## EXERCISE PROMPT
Below is a block of records; repeat all of them exactly.

## DATASET EXCERPTS
+ + + + + + +
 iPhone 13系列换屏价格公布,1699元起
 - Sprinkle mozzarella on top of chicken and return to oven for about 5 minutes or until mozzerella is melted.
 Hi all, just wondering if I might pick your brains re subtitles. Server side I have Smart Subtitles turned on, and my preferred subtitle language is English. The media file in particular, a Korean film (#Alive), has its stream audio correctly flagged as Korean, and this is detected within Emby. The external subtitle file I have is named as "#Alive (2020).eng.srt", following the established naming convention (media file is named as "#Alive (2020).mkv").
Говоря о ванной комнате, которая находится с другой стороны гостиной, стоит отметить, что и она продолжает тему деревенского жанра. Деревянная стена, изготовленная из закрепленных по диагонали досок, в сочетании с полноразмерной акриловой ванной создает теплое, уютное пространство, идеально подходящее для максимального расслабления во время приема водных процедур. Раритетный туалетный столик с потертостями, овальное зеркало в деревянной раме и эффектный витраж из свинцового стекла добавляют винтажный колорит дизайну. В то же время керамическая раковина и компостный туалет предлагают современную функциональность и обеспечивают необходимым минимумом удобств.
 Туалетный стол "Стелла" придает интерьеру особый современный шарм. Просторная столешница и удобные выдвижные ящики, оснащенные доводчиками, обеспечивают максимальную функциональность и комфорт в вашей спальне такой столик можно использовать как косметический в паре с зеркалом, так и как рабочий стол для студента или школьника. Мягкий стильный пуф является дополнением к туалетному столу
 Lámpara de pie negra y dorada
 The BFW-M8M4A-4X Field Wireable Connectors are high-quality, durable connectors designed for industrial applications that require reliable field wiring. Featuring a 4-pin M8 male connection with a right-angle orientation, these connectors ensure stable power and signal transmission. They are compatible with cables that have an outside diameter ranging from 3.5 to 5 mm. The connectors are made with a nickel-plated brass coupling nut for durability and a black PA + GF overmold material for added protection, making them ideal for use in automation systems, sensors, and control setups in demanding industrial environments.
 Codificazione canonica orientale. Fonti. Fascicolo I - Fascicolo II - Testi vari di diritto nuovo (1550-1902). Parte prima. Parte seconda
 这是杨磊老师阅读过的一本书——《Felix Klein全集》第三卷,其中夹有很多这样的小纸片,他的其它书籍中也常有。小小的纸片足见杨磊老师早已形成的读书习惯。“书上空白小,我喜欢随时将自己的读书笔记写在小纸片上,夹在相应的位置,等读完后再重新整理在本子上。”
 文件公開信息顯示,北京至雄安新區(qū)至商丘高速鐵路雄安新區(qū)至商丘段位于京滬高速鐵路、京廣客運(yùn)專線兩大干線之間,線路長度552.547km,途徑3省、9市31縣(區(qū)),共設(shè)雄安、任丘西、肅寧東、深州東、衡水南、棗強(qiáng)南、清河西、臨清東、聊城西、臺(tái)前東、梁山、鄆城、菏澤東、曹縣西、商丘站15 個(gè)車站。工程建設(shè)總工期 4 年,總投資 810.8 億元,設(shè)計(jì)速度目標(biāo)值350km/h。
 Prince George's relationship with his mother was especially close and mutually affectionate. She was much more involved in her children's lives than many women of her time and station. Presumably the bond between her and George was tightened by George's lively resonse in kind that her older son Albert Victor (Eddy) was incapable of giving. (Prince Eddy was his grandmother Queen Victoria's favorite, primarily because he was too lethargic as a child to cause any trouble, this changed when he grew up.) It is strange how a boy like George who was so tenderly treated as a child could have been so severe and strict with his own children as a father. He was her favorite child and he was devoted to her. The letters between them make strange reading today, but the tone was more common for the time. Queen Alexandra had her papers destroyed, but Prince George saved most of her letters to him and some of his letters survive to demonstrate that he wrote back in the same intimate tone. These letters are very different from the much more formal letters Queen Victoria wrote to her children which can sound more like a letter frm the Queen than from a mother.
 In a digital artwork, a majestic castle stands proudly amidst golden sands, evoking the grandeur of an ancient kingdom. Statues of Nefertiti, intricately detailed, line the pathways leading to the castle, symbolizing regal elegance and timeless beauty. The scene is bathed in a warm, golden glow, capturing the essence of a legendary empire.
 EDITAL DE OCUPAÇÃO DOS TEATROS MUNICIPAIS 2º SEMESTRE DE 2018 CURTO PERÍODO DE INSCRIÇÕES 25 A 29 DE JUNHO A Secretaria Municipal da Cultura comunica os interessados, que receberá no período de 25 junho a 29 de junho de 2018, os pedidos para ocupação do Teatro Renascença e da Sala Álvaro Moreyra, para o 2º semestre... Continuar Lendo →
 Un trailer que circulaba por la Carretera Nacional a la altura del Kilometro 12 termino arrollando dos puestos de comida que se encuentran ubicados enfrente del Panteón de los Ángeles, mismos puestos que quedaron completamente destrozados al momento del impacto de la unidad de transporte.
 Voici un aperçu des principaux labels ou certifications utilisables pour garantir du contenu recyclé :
+ + + + + + +
## SOLUTION FOR THIS PROBLEM
 iPhone 13系列换屏价格公布,1699元起
 - Sprinkle mozzarella on top of chicken and return to oven for about 5 minutes or until mozzerella is melted.
 Hi all, just wondering if I might pick your brains re subtitles. Server side I have Smart Subtitles turned on, and my preferred subtitle language is English. The media file in particular, a Korean film (#Alive), has its stream audio correctly flagged as Korean, and this is detected within Emby. The external subtitle file I have is named as "#Alive (2020).eng.srt", following the established naming convention (media file is named as "#Alive (2020).mkv").
Говоря о ванной комнате, которая находится с другой стороны гостиной, стоит отметить, что и она продолжает тему деревенского жанра. Деревянная стена, изготовленная из закрепленных по диагонали досок, в сочетании с полноразмерной акриловой ванной создает теплое, уютное пространство, идеально подходящее для максимального расслабления во время приема водных процедур. Раритетный туалетный столик с потертостями, овальное зеркало в деревянной раме и эффектный витраж из свинцового стекла добавляют винтажный колорит дизайну. В то же время керамическая раковина и компостный туалет предлагают современную функциональность и обеспечивают необходимым минимумом удобств.
 Туалетный стол "Стелла" придает интерьеру особый современный шарм. Просторная столешница и удобные выдвижные ящики, оснащенные доводчиками, обеспечивают максимальную функциональность и комфорт в вашей спальне такой столик можно использовать как косметический в паре с зеркалом, так и как рабочий стол для студента или школьника. Мягкий стильный пуф является дополнением к туалетному столу
 Lámpara de pie negra y dorada
 The BFW-M8M4A-4X Field Wireable Connectors are high-quality, durable connectors designed for industrial applications that require reliable field wiring. Featuring a 4-pin M8 male connection with a right-angle orientation, these connectors ensure stable power and signal transmission. They are compatible with cables that have an outside diameter ranging from 3.5 to 5 mm. The connectors are made with a nickel-plated brass coupling nut for durability and a black PA + GF overmold material for added protection, making them ideal for use in automation systems, sensors, and control setups in demanding industrial environments.
 Codificazione canonica orientale. Fonti. Fascicolo I - Fascicolo II - Testi vari di diritto nuovo (1550-1902). Parte prima. Parte seconda
 这是杨磊老师阅读过的一本书——《Felix Klein全集》第三卷,其中夹有很多这样的小纸片,他的其它书籍中也常有。小小的纸片足见杨磊老师早已形成的读书习惯。“书上空白小,我喜欢随时将自己的读书笔记写在小纸片上,夹在相应的位置,等读完后再重新整理在本子上。”
 文件公開信息顯示,北京至雄安新區(qū)至商丘高速鐵路雄安新區(qū)至商丘段位于京滬高速鐵路、京廣客運(yùn)專線兩大干線之間,線路長度552.547km,途徑3省、9市31縣(區(qū)),共設(shè)雄安、任丘西、肅寧東、深州東、衡水南、棗強(qiáng)南、清河西、臨清東、聊城西、臺(tái)前東、梁山、鄆城、菏澤東、曹縣西、商丘站15 個(gè)車站。工程建設(shè)總工期 4 年,總投資 810.8 億元,設(shè)計(jì)速度目標(biāo)值350km/h。
 Prince George's relationship with his mother was especially close and mutually affectionate. She was much more involved in her children's lives than many women of her time and station. Presumably the bond between her and George was tightened by George's lively resonse in kind that her older son Albert Victor (Eddy) was incapable of giving. (Prince Eddy was his grandmother Queen Victoria's favorite, primarily because he was too lethargic as a child to cause any trouble, this changed when he grew up.) It is strange how a boy like George who was so tenderly treated as a child could have been so severe and strict with his own children as a father. He was her favorite child and he was devoted to her. The letters between them make strange reading today, but the tone was more common for the time. Queen Alexandra had her papers destroyed, but Prince George saved most of her letters to him and some of his letters survive to demonstrate that he wrote back in the same intimate tone. These letters are very different from the much more formal letters Queen Victoria wrote to her children which can sound more like a letter frm the Queen than from a mother.
 In a digital artwork, a majestic castle stands proudly amidst golden sands, evoking the grandeur of an ancient kingdom. Statues of Nefertiti, intricately detailed, line the pathways leading to the castle, symbolizing regal elegance and timeless beauty. The scene is bathed in a warm, golden glow, capturing the essence of a legendary empire.
 EDITAL DE OCUPAÇÃO DOS TEATROS MUNICIPAIS 2º SEMESTRE DE 2018 CURTO PERÍODO DE INSCRIÇÕES 25 A 29 DE JUNHO A Secretaria Municipal da Cultura comunica os interessados, que receberá no período de 25 junho a 29 de junho de 2018, os pedidos para ocupação do Teatro Renascença e da Sala Álvaro Moreyra, para o 2º semestre... Continuar Lendo →
 Un trailer que circulaba por la Carretera Nacional a la altura del Kilometro 12 termino arrollando dos puestos de comida que se encuentran ubicados enfrente del Panteón de los Ángeles, mismos puestos que quedaron completamente destrozados al momento del impacto de la unidad de transporte.
 Voici un aperçu des principaux labels ou certifications utilisables pour garantir du contenu recyclé :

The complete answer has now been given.